Homework 2
Homework 2
Please remember to include your name and the homework number (this is Homework 2) within the document. Some additional formatting instructions are in the syllabus. To summarize:
- Turn in your homework as a PDF with a filename like
584-Homework-<number>-<your last name>.pdf
, e.g.,584-Homework-03-Smith.pdf
- Use a new page (
\newpage
) for each problem - State which question you are answering and the actual question. Then, start your answer in a new paragraph
- Use environments such as
proof
andtheorem
(via\begin{proof}
…\end{proof}
) - Use 12pt option
\documentclass[12pt]{amsart}
and\linespread{2.4}
.
Please find and use the LaTeX template uploaded to BlackBoard and/or course website.

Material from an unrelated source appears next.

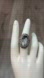 A gorgeous marble looking combination of black, gray, and white center oblong stone set in a scrolled and sunburst detailed sterling silver ring

This homework involves exercises from the Hassett textbook.
- A.13 (Appendix A, page 244)
- One of 1.7 or 1.8 (Chapter 1, page 8) (for Exercise 1.8, the relevant example is Example 1.9)
- One of 1.9-1.14*
- Exercise 1.12 should say: Show that at least four of these points are collinear.
Exercise 1.8 is more straightforward than 1.7, and probably 1.10 is more straightforward than then other ones 1.9, 1.11-1.14. (The tricky part is knowing what “ring of \(k\)-valued functions on \(S\)” means. It means functions from the set \(S\) to the field \(k\). Any polynomial \(f\) gives you one of these functions, \(f : S \to k\), where for each point \(P\) in the set \(S\), \(f(P)\) is given by evaluating the polynomial \(f\) at the point \(P\)—in other words, plugging \(P\) into \(f\). If \(S\) has \(m\) points \(P_1,\dotsc,P_m\), then each function gives a vector of values, \( (f(P_1),\dotsc,f(P_m)) \), and we can think of this ring of functions as an \(m\)-dimensional vector space, \(k^m\). Can you see why the mapping from \( P_{n,d} \) to this vector space is a linear map, and how the ideal \(I\) relates to the kernel?)
(I hope that you will at least think a little about all of these problems and solve as many as possible. Turn in the best and/or most interesting ones you are able to solve.)
You are encouraged to work together on the homework!